- TASK BRIEF -
Take the listing from its first line through the line that contains "在现场999急救医生的指导下" and please retype those lines exactly, leaving out the pictures.

======== DATA ========

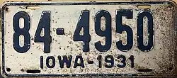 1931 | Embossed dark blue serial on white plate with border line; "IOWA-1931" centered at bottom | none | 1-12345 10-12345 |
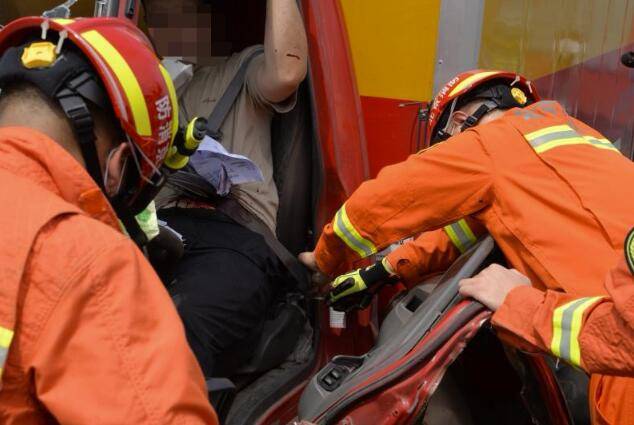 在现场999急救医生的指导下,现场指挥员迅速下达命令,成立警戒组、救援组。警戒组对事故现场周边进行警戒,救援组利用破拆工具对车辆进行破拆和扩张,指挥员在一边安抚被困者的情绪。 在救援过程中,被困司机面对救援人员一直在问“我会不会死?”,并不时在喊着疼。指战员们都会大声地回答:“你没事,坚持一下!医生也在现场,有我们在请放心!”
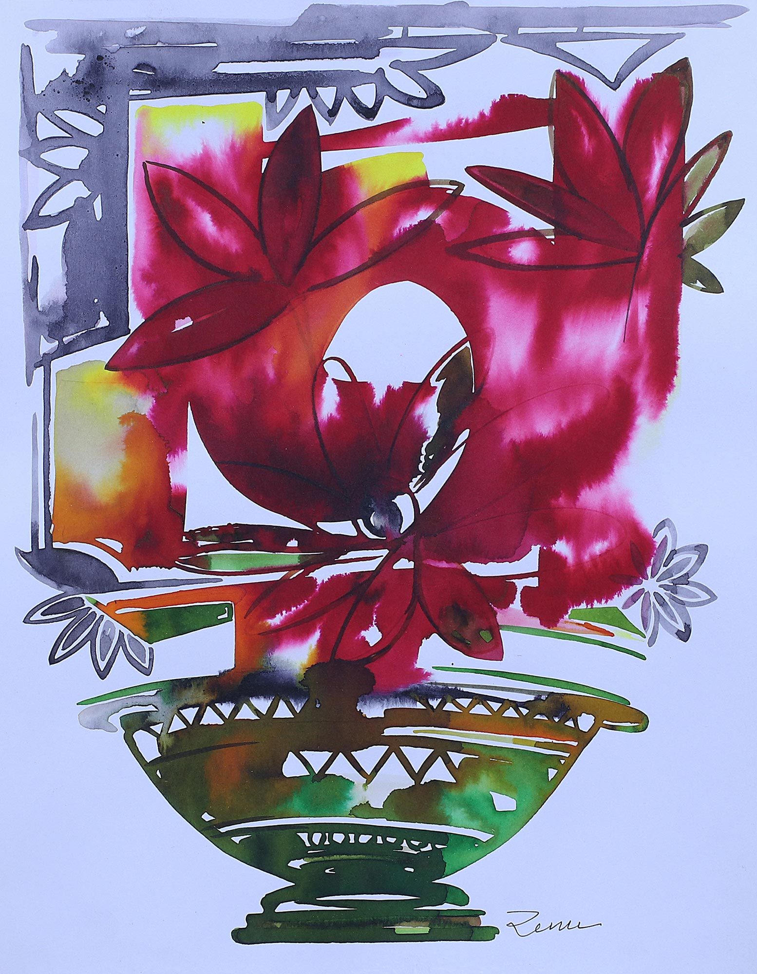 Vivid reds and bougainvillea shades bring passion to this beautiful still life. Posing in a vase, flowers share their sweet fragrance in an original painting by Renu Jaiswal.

========

- TASK OUTPUT -
 1931 | Embossed dark blue serial on white plate with border line; "IOWA-1931" centered at bottom | none | 1-12345 10-12345 |
 在现场999急救医生的指导下,现场指挥员迅速下达命令,成立警戒组、救援组。警戒组对事故现场周边进行警戒,救援组利用破拆工具对车辆进行破拆和扩张,指挥员在一边安抚被困者的情绪。 在救援过程中,被困司机面对救援人员一直在问“我会不会死?”,并不时在喊着疼。指战员们都会大声地回答:“你没事,坚持一下!医生也在现场,有我们在请放心!”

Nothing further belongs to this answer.